Alternatively you might see a mini sitemap:
This has the advantage that you are not swamped with results from a single website but are given instead a variety of options that might provide you with a better answer to your question.
Not any more.
You may have noticed that multiple entries from single websites have started appearing in your results. For example, rather than just one Wikipedia entry you see 4, 5, 6 or even more. On the other hand, you might not have noticed anything at all. Some of my colleagues are seeing this and some are not. Google tests new features and algorithms on a small percentage of its users to see how they react so new or test features are not seen by everyone (see How Google makes improvements to its search algorithm – YouTube http://www.youtube.com/watch?v=J5RZOU6vK4Q). As far as I’m concerned this particular “improvement” is a disaster.
I was running a very general search on the use of biofuels by public transport in the UK. I just want to get an idea of some of the issues that were being discussed before refining my search and went, by default, to Google. My first screen had nothing but results from the UK government Department for Transport (DfT).
I scrolled down and saw more DfT pages. I scrolled down further and yet MORE dft pages. OK, Google, so dft.gov.uk is a good place for me to look at biofuels in public transport. I get the message. STOP! There were 27 DfT pages in total flooding the top of my results page, which I have set to display 100 entries at a time. Creeping in at number 28 came the Guardian with 5 results.
The Friends of the Earth website had 7 results, and then at last I started to see more variety in my results at around number 40, but still with a lot of repetition.
Google may think that the DfT is a very important source of information on the topic but I want to decide whether or not to explore more of a particular site. Spamming my results list annoys me and makes me want to go elsewhere. So I did.
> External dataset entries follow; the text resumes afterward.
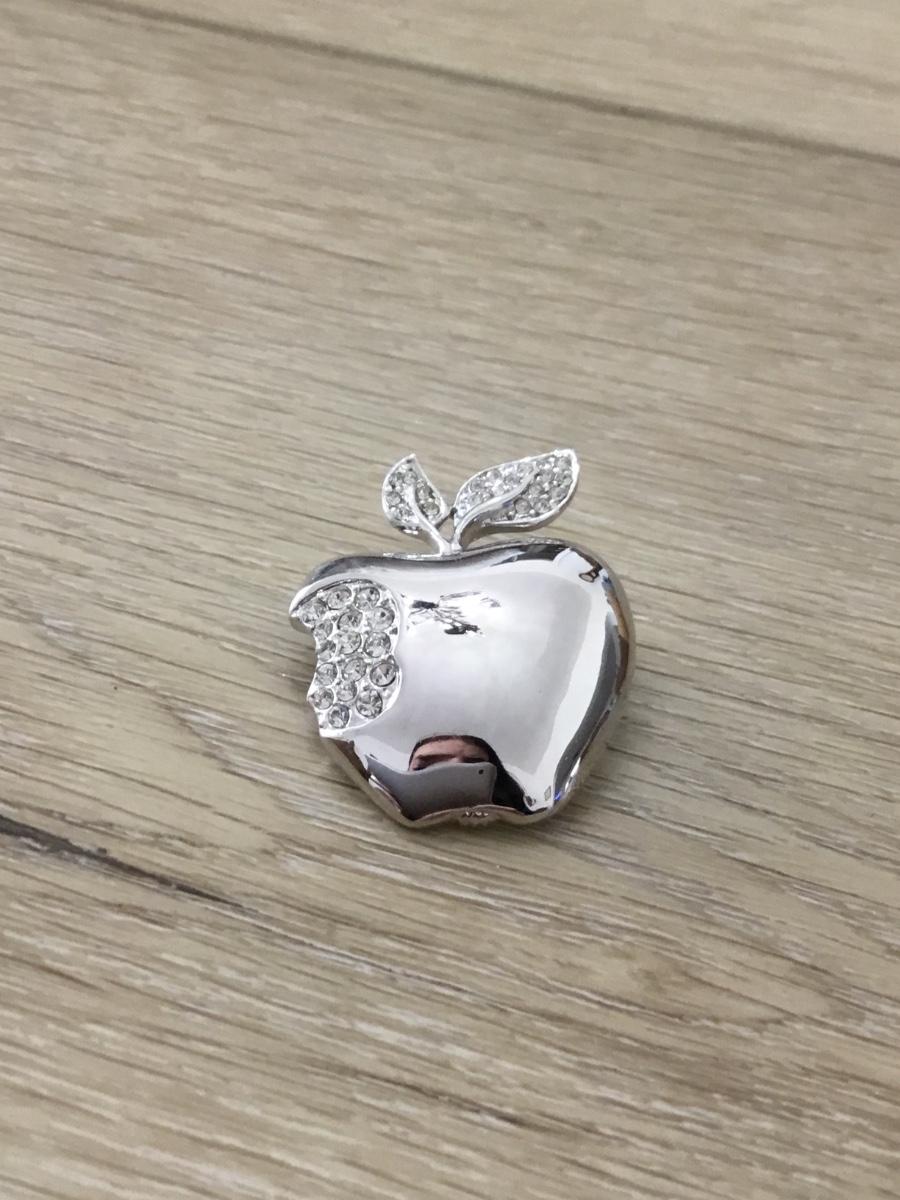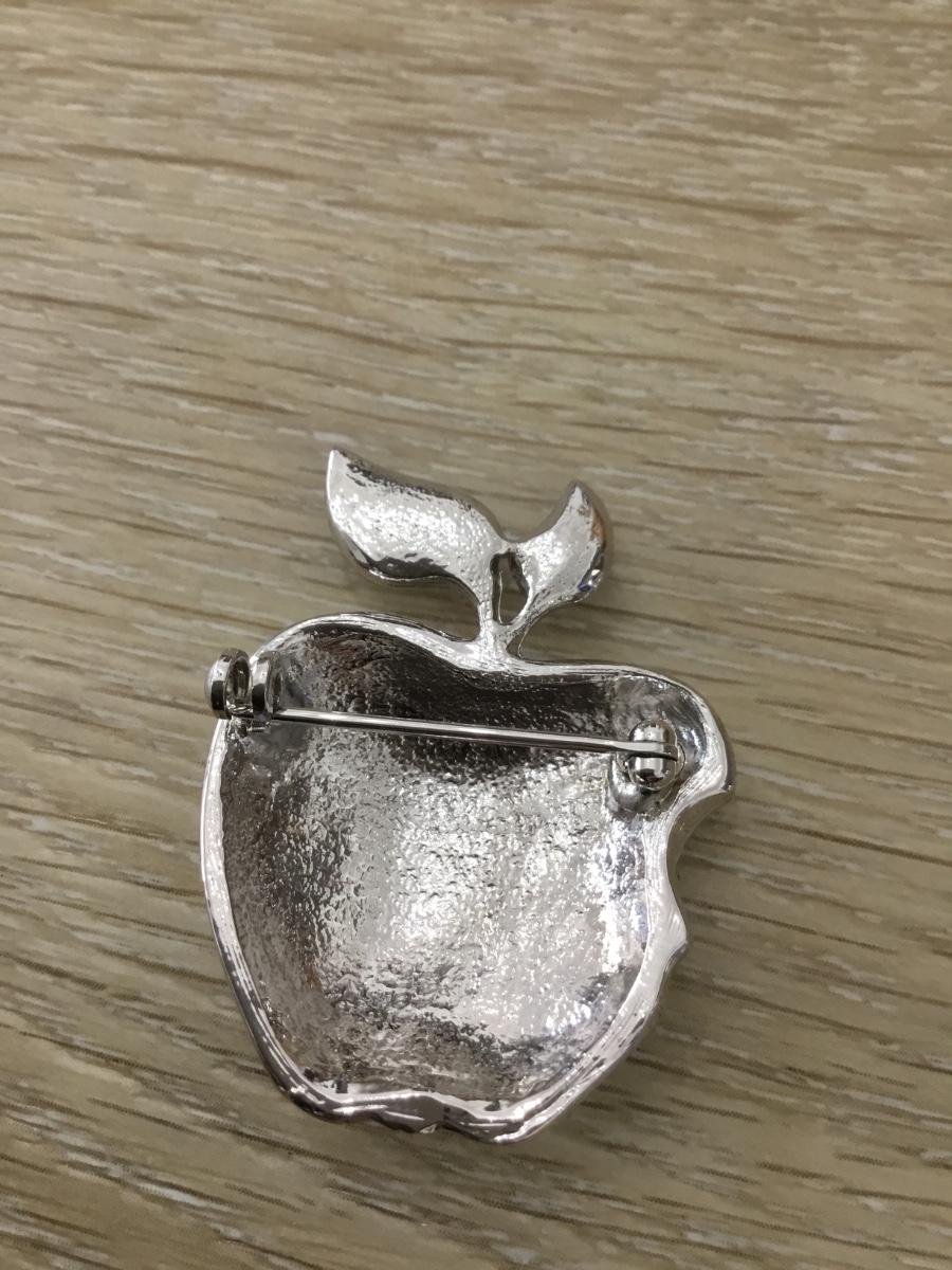 Silver tone rhinestone apple pin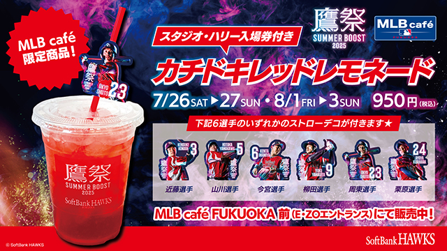 鷹祭 SUMMER BOOST試合日はMLBcaféにて販売の「スタジオ・ハリー入場券付きカチドキレッドレモネード」購入で入場可能に!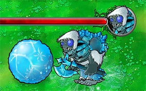 --小型冰球:具备1800的耐久度(能够被击破),拥有阻挡子弹穿透的能力,移动速度处于中等水平,还能碾压植物并在经过的地方留下冰道。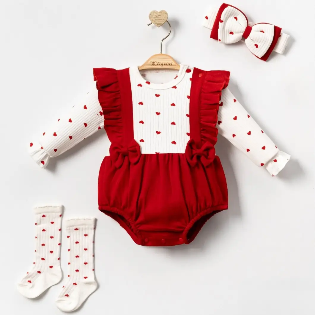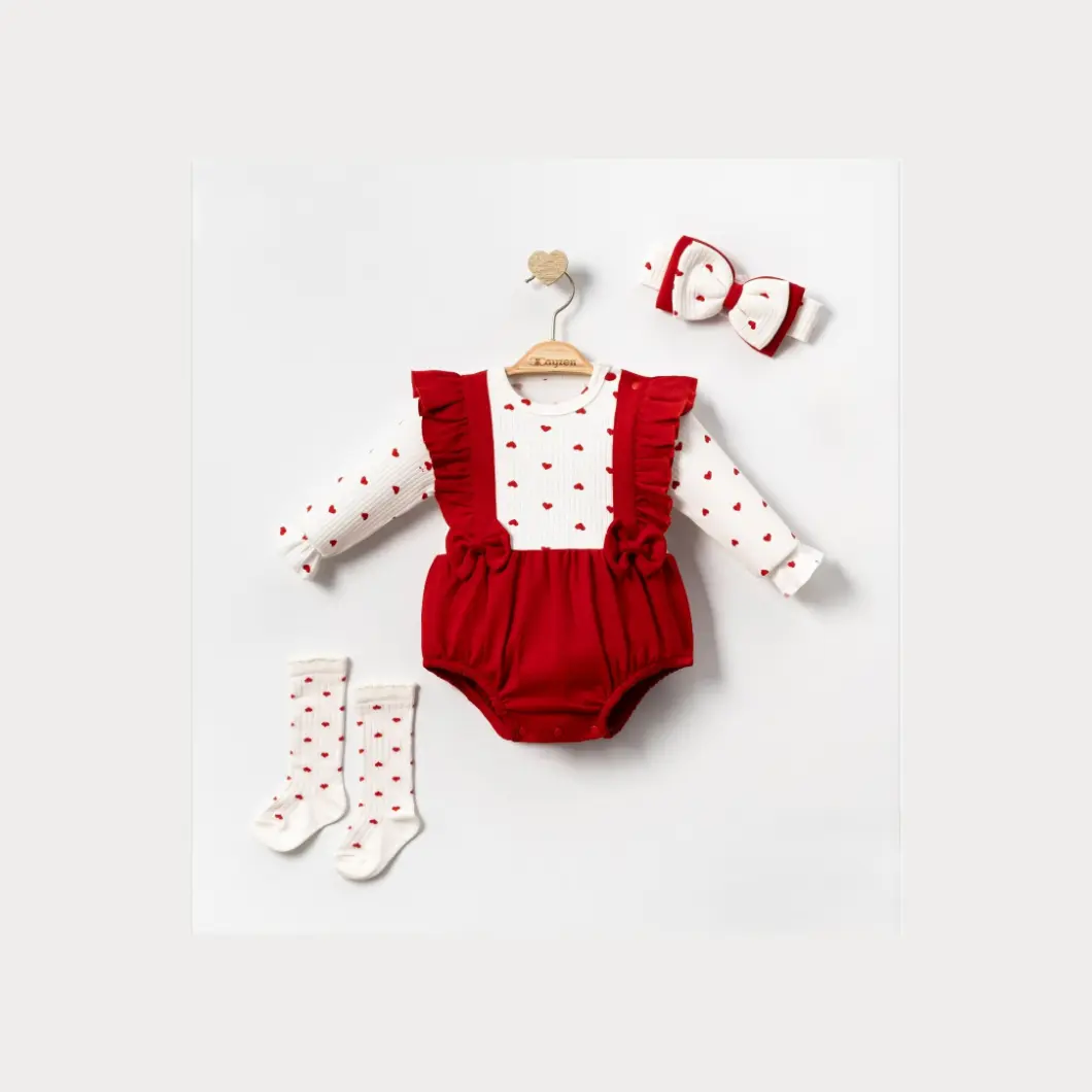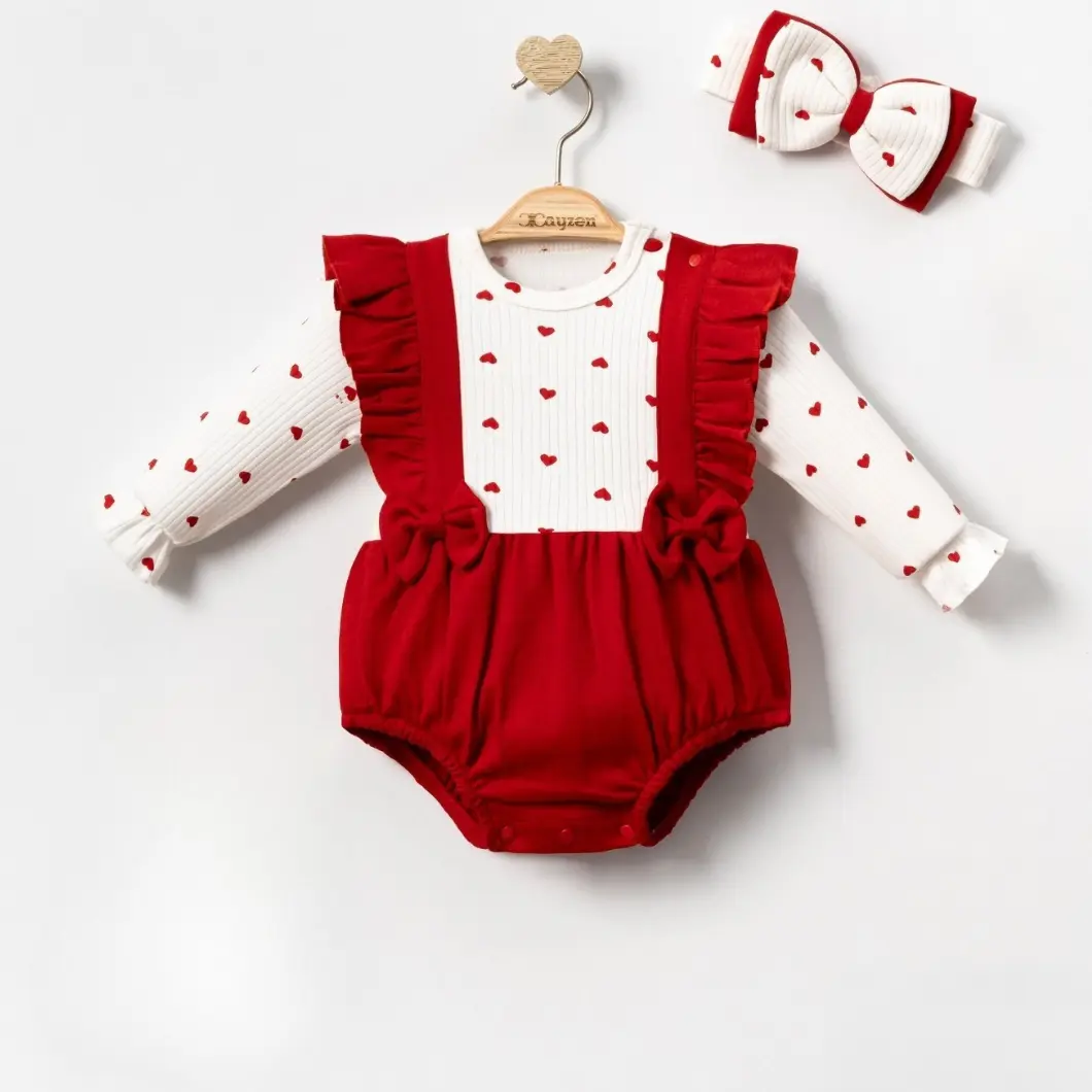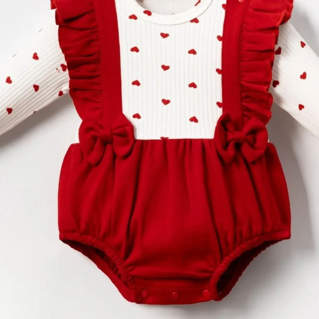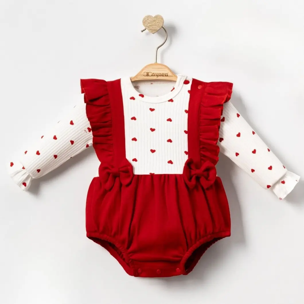 Designul cu inimioare discrete și volănașe aplicate oferă un aer feminin și delicat, fără a incomoda copilul. Închiderea cu capse la gât și între picioare facilitează schimbările rapide, esențiale în rutina zilnică. Este un set potrivit atât pentru purtare zilnică, cât și pentru evenimente speciale, vizite sau ședințe foto.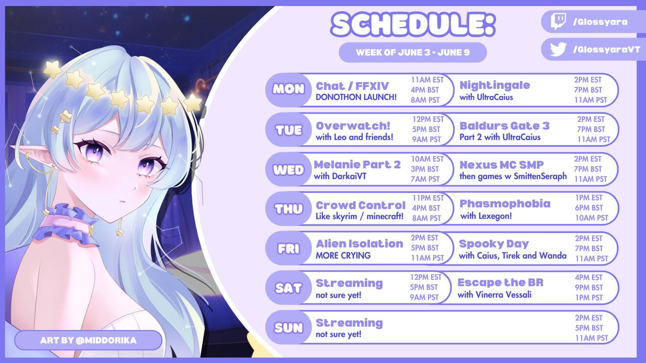 This is my weekly schedule, I aim to update this every week, however twitter and discord will 100% be up to date!I am usually live all week excluding wednesdays and sundays!

DuckDuckGo (http://www.duckduckgo.com/) is my main Google alternative and it came up with a decent and varied set of results without repetition, hesitation or deviation.
Bing (http://www.bing.com/) and Yandex (http://www.yandex.com/) came up with similar, non-repetitive results.
Blekko (http://www.blekko.com/) came up with some interesting alternative pages for me to consider. These would not have been that useful to me in the earlier stages of my research but this test confirmed my feeling that Blekko is good at pulling up information that explores more than the mainstream issues.
If you want to stay with Google how do you deal with multiple listings of sites? The most obvious approach would be to incorporate a ‘-site:’ command in your search, for example:
biofuels public transport -site:dft.gov.uk
If you are conducting in depth research and are likely to be running many variations on a search, incorporating ‘-site:’ each time can become a chore. Google’s own browser Chrome has a Personal Blocklist extension that enables you to block selected sites from results (https://chrome.google.com/webstore/detail/nolijncfnkgaikbjbdaogikpmpbdcdef). Once installed a block link appears next to each entry in your results. Click on the link to block the site from all future results. A message appears at the bottom of searches that would normally contain pages from the blocked site warning you about exclusions.
The ‘show’ link displays and highlights the previously blocked pages and offers an option to unblock them.
Neither the -site: option nor the Blocklist approach should be necessary. There was nothing wrong with the previous ways of offering additional pages from a site in search results. It wasn’t broke but Google did break it by trying to fix it. For me, there are now several Google alternatives that produce quality results and with less irritation. I shall be using them more in future.